Can we measure frailty in trials for dementia and mild cognitive impairment?

Problem

Frailty, an age-related decline in physiological reserve, is increasing. There is growing interest in the relationship between physical frailty and cognitive impairment. Despite this, frailty is rarely measured or reported in randomised controlled trials (RCTs) for dementia. Identifying frailty in RCTs is important for assessment of trial representativeness and understanding clinical implications for treatment. This study aims to assess the prevalence of frailty in three RCTs for mild cognitive impairment (MCI) or dementia.

Approach

We analysed individual-level participant data from three RCTs available from the Yale Open Data Access repository. Two trials included participants with MCI, living in the community. One trial included participants with severe Alzheimer's dementia. For each trial, we constructed a frailty index, based on standard procedures based on Rockwood’s ‘cumulative deficit’ model of frailty. For each trial, we identified health related deficits (comorbidities, symptoms, functional limitations and laboratory deficits) which were combined as a non-weighted sum (ranging 0 to 1, higher values indicating a greater degree of frailty). Deficits were selected from baseline data in each of the three trials. For each trial, we calculated the mean frailty index. We also calculated the number of participants in each trial identified as living with frailty (based on a frailty index value of >0.24).

Findings

The trials for MCI recruited 1062 participants (553 female, mean age 70 years) and 994 participants (606 female, mean age 71 years), respectively. The trial for severe Alzheimer’s included 415 participants (332 female, mean age 82 years). Data were sufficiently complete to calculate the frailty index for 1054 (99%), 982 (99%) and 408 (98%) participants, respectively. In the MCI trials, the mean frailty index was 0.142 and 0.133, respectively, with a frailty prevalence of 7.4% and 5.3%. In the Alzheimer’s disease trial the mean frailty index was 0.269 and 60.5% of participants were classified as living with frailty.
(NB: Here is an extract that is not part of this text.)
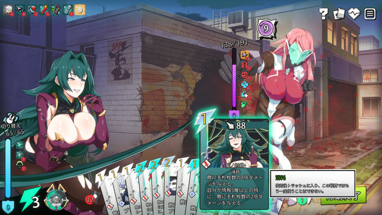 ┗ 髪ノ封鎖 … コスト0:手札8倍ダメージ(ウィロー好感度Lv.5)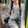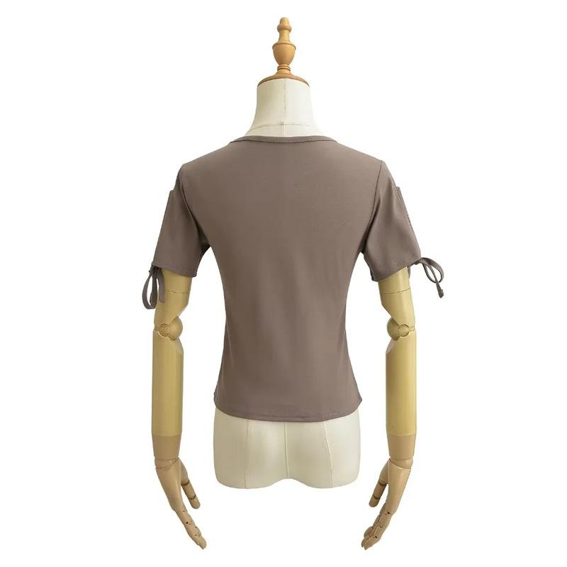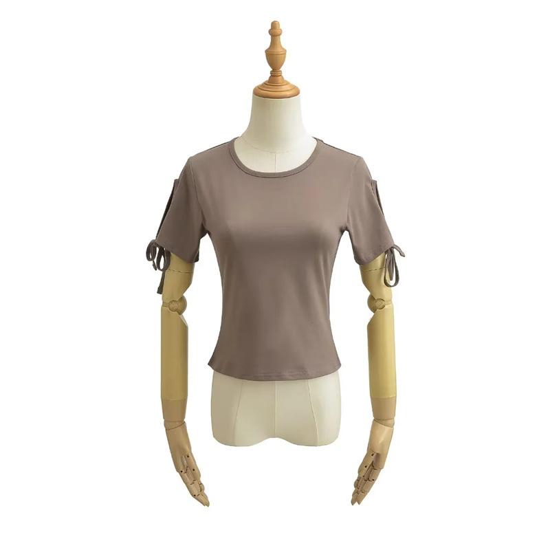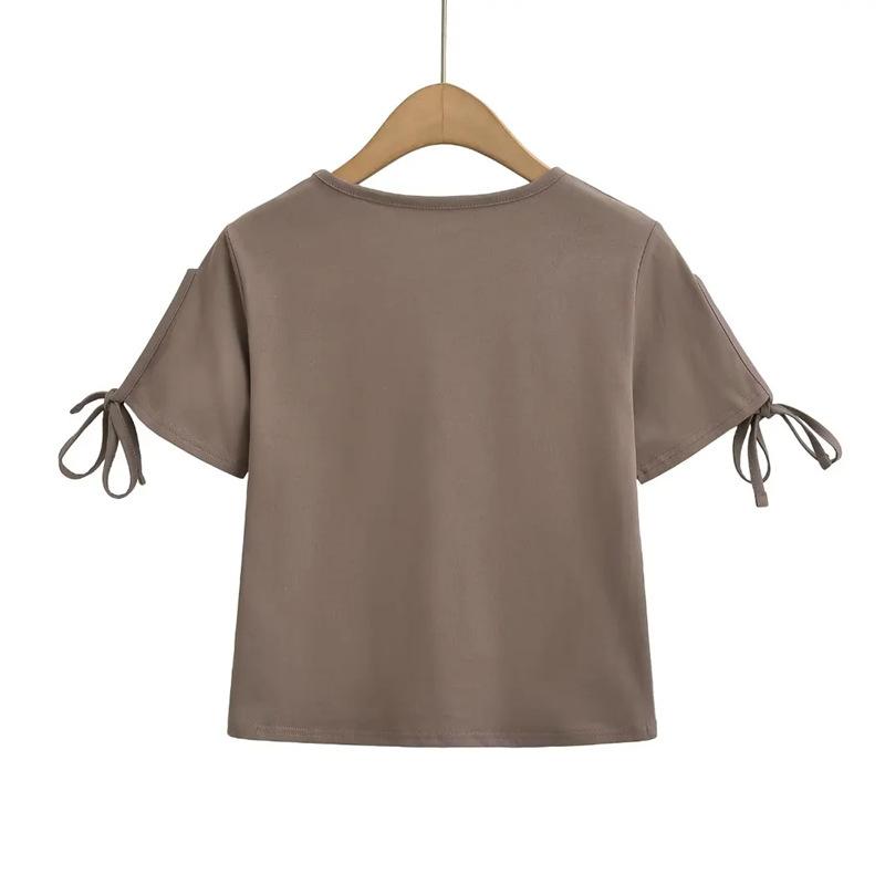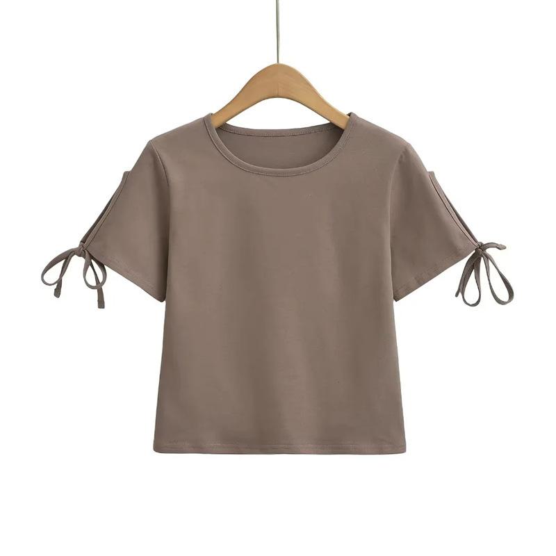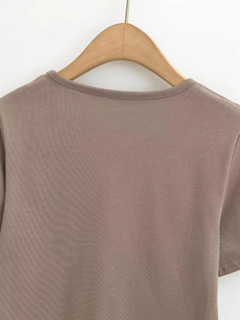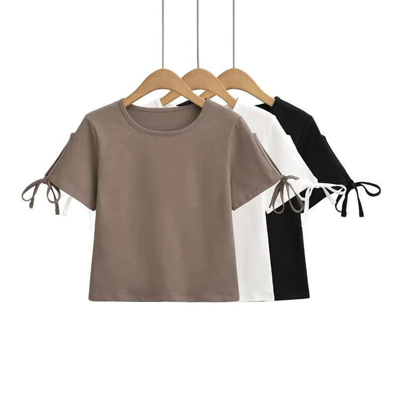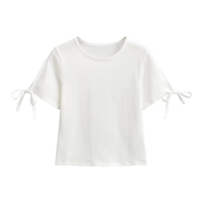 INS2024 Verano Nuevo Diseño de Puños Cuello Redondo Manga Corta Camiseta Verano Nueva Spice Girl Camiseta Corta Entallada

The 99th centile of the frailty index was 0.29 and 0.32 in the MCI trials and 0.47 in the Alzheimer’s disease trial.

Consequences

Our findings show that it is feasible to measure and report frailty in RCTs for cognitive impairment/dementia, using standard baseline measurements. We found frailty to be present in all three trials. As would be expected, frailty was more common in the population experiencing severe Alzheimer's dementia than in MCI. For all trials, however, the upper limit of frailty was lower than is found in many general-population studies, suggesting trial selection processes may be a barrier to inclusion of people with severe frailty. These findings offer further opportunities to explore the implications for frailty in people with cognitive impairment, such as the relationship between frailty and clinical outcomes within a trial setting, and assessment of the representativeness of trials for cognitive impairment.